(591e) Engineering Biological Conjugates of Polyethylene Oxide for Lithium Cation Transference

Sean O’Neill¹, Raymond Tu Ph.D¹ and Dan Steingart Ph.D¹

¹Department of Chemical Engineering – City College of New York

Solid organic electrolytes offer a viable option for electrode separation due to their low cost and toxicity, as well as high stability.  A limitation to such electrolytic systems however are, various transport principles, conductivity and selectivity.  The fundamental goal of this research project is to engineer an ion transport system that facilitates electrode separation while maintaining the prevention of crystallization.

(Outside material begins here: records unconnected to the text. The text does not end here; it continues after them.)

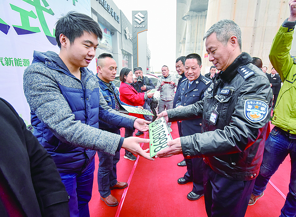▲1月19日,株洲新能源汽车号牌正式启用。图为号牌发放现场 记者 刘震 摄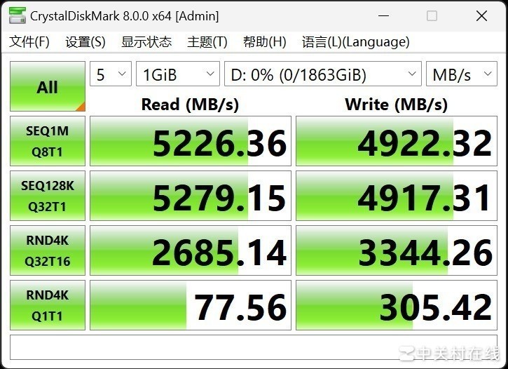 在Crystal Disk Mark中将测试数据设置为NVMe,经实测西部数据 SN50002TB最高连续读取速度为5226.36MB/s和4922.32MB/s,均超过5150MB/s和4850MB/s的标称值。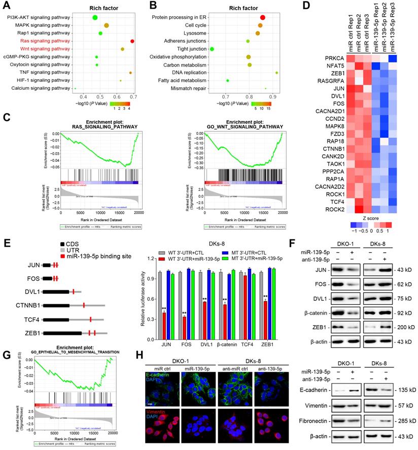 To identify functional targets of miR-139-5p in CRC, we performed gene expression microarray profiling in DKO-1 cells after miR-139-5p overexpression and identified 3878 differentially expressed genes (|log2(FC)|>1, P<0.01). KEGG analysis revealed that the Ras and Wnt signaling pathways were the most significantly affected pathways (Figure 4A). Biological process analysis suggested that miR-139-5p inhibited the cell cycle, focal adhesion and cellular adhesion (Figure 4B), consistent with our experimental results. GSEA revealed that the miR-139-5p-induced gene expression alterations were negatively associated with the KEGG Reactome terms 'RAS pathway' and 'Wnt signaling pathway' (Figure 4C). Among the differentially expressed genes, 370 were associated with RAS or Wnt signaling, and 21 of them contained miR-139-5p binding sites in their 3'-UTRs (Figure 4D and Supplementary Table 2). Among the 21 candidates, FOS and JUN are transcription factors (TFs) regulated by RAS-activated signaling [27]; DVL1, TCF4 and CTNNB1 are key regulators in Wnt signaling [28]; and ZEB1 is an important EMT regulator involved in Ras and Wnt signaling [29]. We therefore selected these 6 genes for further validation. Using dual luciferase reporter assays, we confirmed that FOS, JUN, DVL1, CTNNB1 and ZEB1, but not TCF4, were direct targets of miR-139-5p in DKs-8 cells (Figure 4E). The immunoblotting results confirmed the regulation of the targets by miR-139-5p in DKO-1 and DKs-8 cells (Figure 4F).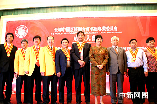世界中國(guó)烹飪聯(lián)合會(huì)名廚專業(yè)委員會(huì)今年一月經(jīng)國(guó)家批準(zhǔn),正式注冊(cè),名稱確定為“世界中國(guó)烹飪聯(lián)合會(huì)名廚專業(yè)委員會(huì)(Famous Chef Committee of the World Association of Chinese Cuisine)”。簡(jiǎn)稱“世烹聯(lián)名廚委”,作為世烹聯(lián)下設(shè)的二級(jí)機(jī)構(gòu)同樣將辦公場(chǎng)所設(shè)在北京。旨在為加強(qiáng)國(guó)際中餐廚師的交流,提高中餐烹飪技藝水平及中餐廚師的國(guó)際地位。圖為楊柳會(huì)長(zhǎng)與首屆委員們合影。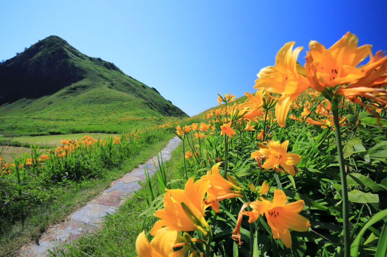 トビシマカンゾウの見頃はちょうど今頃から6月上旬まで。黄色い花が一面に咲く様子は実に感動的です!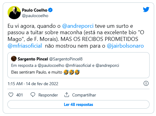 “Eu vi agora quando o André Porciuncula teve um surto e passou a tuitar sobre maconha (está na excelente bio ‘O Mago’, de F. Morais). Mas os recibos prometidos Mario Frias não mostrou nem para o Jair Bolsonaro“, escreveu Paulo Coelho, ao rebater as críticas do responsável pela Rouanet.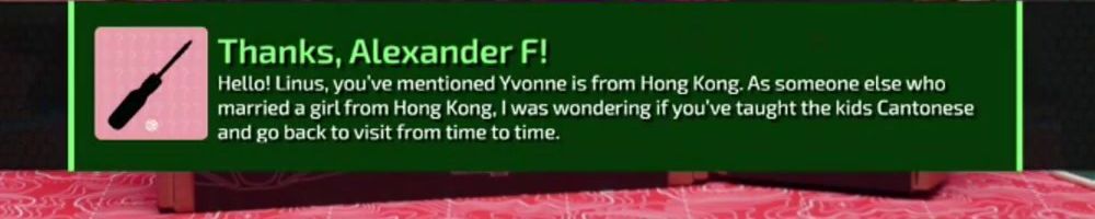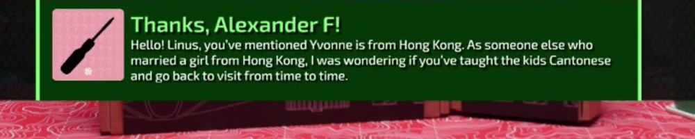 Hello! Linus, you've mentioned Yvonne is from Hong Kong. As someone else who married a girl from Hong Kong, I was wondering if you've taught the kids Cantonese and go back to visit from time to time.
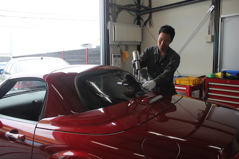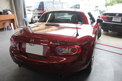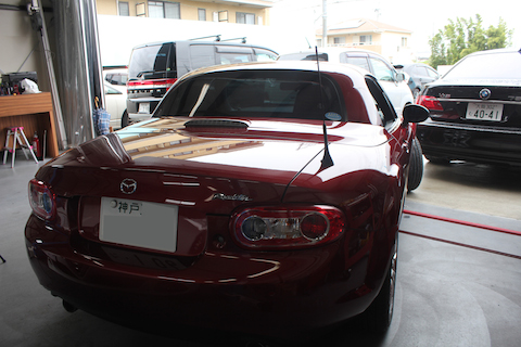 兵庫県三田市より、ロードスターのご入庫。リアガラスのカーフィルムご依頼を頂きました。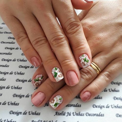 Geralmente as unhas curtas decoradas são feitas com cores mais claras e desenhos delicados. Combina melhor com o comprimento da unha, evitando excesso de informação em um espaço tão pequeno para pintar.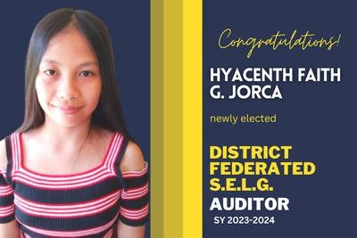 Jorca is the Supreme Elementary Learner Government (SELG) president for School Year 2023-2024. Her campaign, centered on transparency, accountability, and community engagement, resonated deeply with voters, securing her a decisive win in the recent election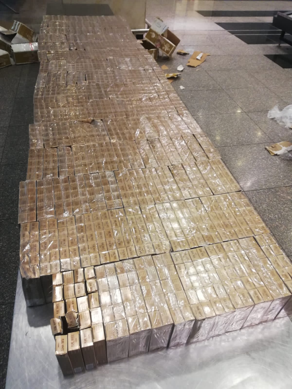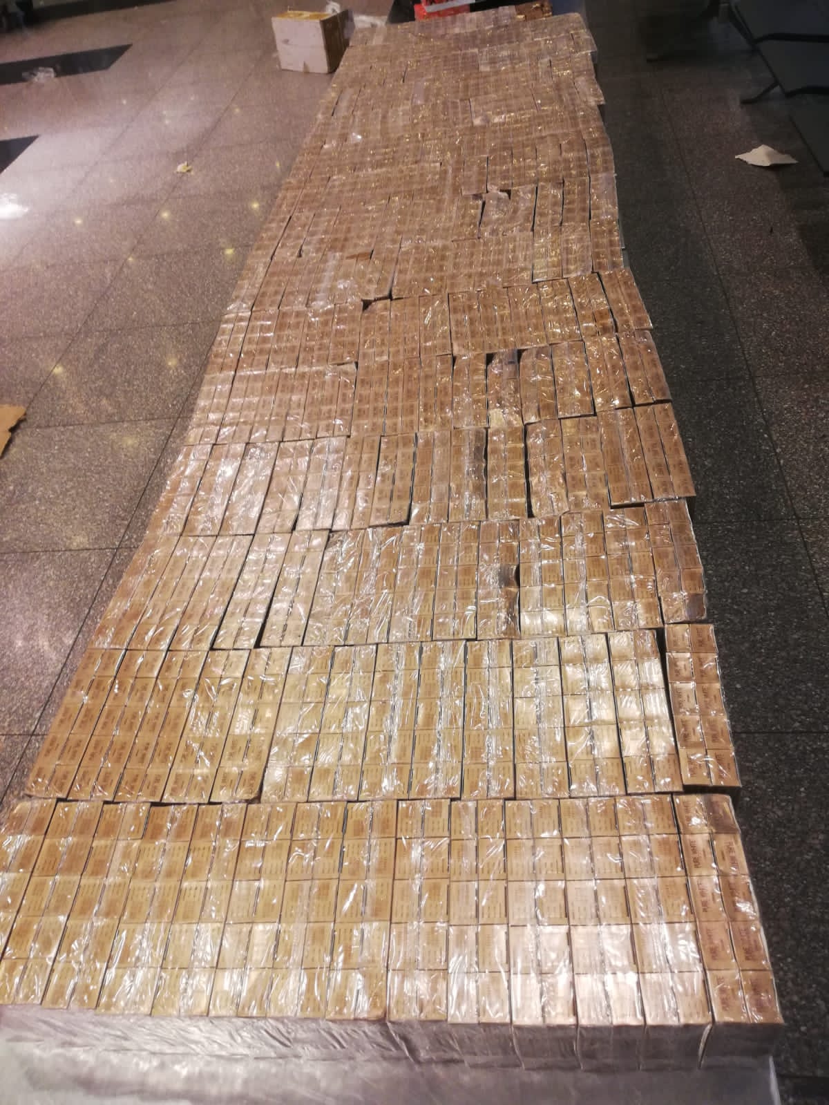 وأفاد مصدر جمركي بمطار القاهرة، أنه أثناء إجراء الإجراءات الجمركية علي ركاب رحلة الخطوط المغربية القادمة من الدار البيضاء استوقف وليد جمال حسن مأمور الجمرك المعين علي لجنة الخط الأخضر أحد الركاب أثناء محاولته الخروج من بوابة اللجنة الجمركية، والذي أنكر حيازته لما يجب الإفصاح عنه أو ما يستحق عنه ضرائب ورسوم جمركية، وبتفتيش حقائبه علي جهاز الفحص بالأشعة بواسطة كل من إبراهيم طه شاهين مأمور الجمرك وهاني مصطفي رئيس القسم واللذين تلاحظ لهما وجود عبوات متكررة ومتماثلة داخل حقيبتي الراكب.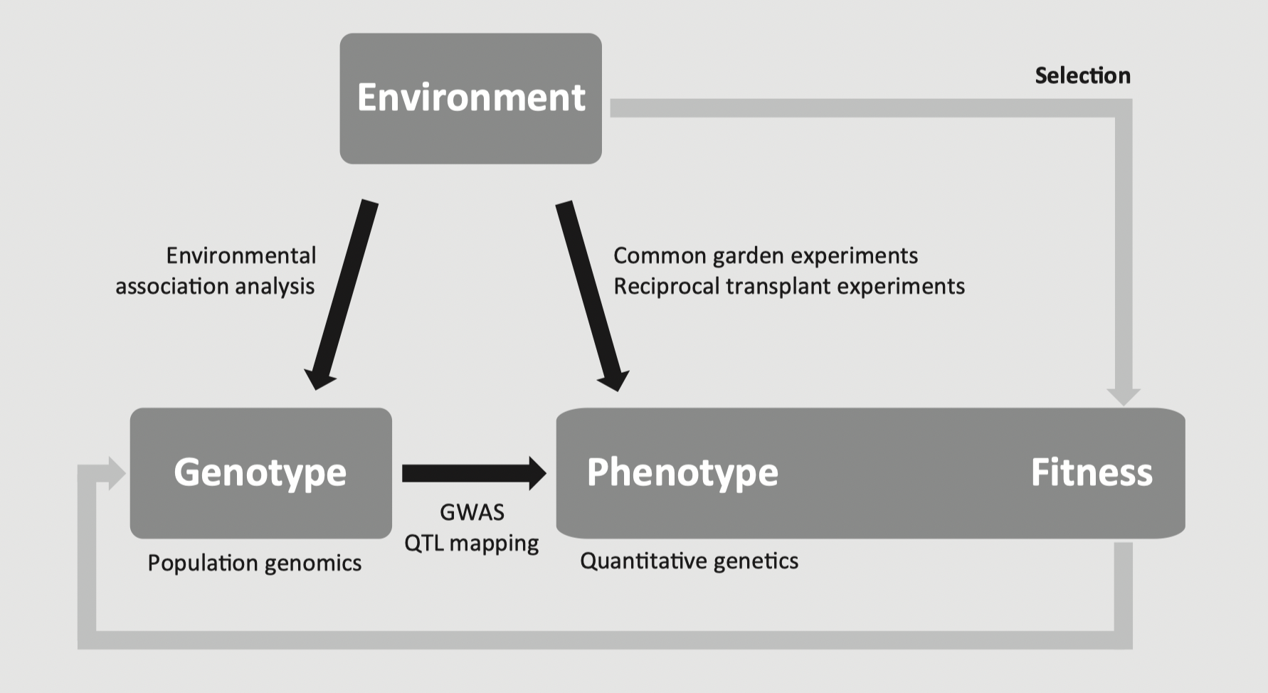 There is a huge literature on the topic of finding candidate loci for environmental selection that we cannot cover in one week. Population genetic tests of selection such as outlier tests or genomic scans are frequently used. There are also tests of selection that specifically look for associations of individual loci to environmental attributes - often called GEA, genotype-environment association or EAA, environment association analysis - this will be more of our focus given that we are studying landscape genomics. We will come back to this topic on Friday. (Rellstab et al. 2015 and Storfer et al 2018 have good reviews of the various methods if you are looking for further reading on this topic.)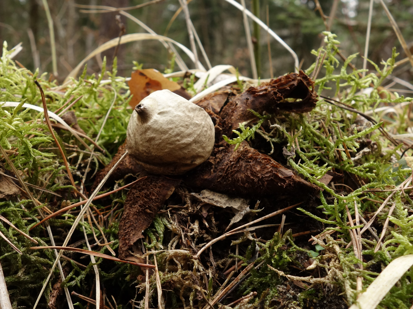 Darf denn Geastrum rufescens so ein deutlich behöftes Peristom haben? Ich denke doch eher nicht, und würde darum eher an einen verwitterten Geastrum triplex (Halskrausenerdstern) denken. Wenn die Exoperidie verwittert, ist von der "Halskrause" natürlich nichts mehr zu sehen.LG; Pablo.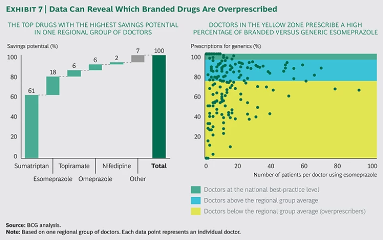 By shedding light on differences in prescription behavior among doctors, hospitals can realize significant savings while increasing the quality of care. Exhibit 7 illustrates how physicians vary in their prescription choices for branded versus generic drugs and the potential cost savings that would come from changing this behavior. By simply sharing this data, the payer achieved better financial results and higher awareness among doctors—without negatively affecting total patient care. In doing so, it improved the generic prescription rate for specific medications from 60 to 70 percent to more than 95 percent, leading to savings of more than €100 million in pharmaceutical costs.

In order to achieve the primary goal of interest, we first intend to construct polyethylene oxide polymers with well-defined chemical composition to observe the influence of ion:polymer complexation on molecular order.  In doing so, we will engineer PEO constructs consisting of ion-coordinating groups and low molecular weight polydispersities.  Second we will quantify the influence of polymer charge and structure on ion conductivity and transference number.  Lastly we will examine dynamics of polymer nanostructure using ellipsometry, x-ray scattering and microrheology.  Doing so will allow us to connect fundamental phase behavior and polymer structure to organic electrolyte performance.  We hope that we can achieve our goal as far as electrolyte design by structural optimization of mean free path and Lithium cation transference.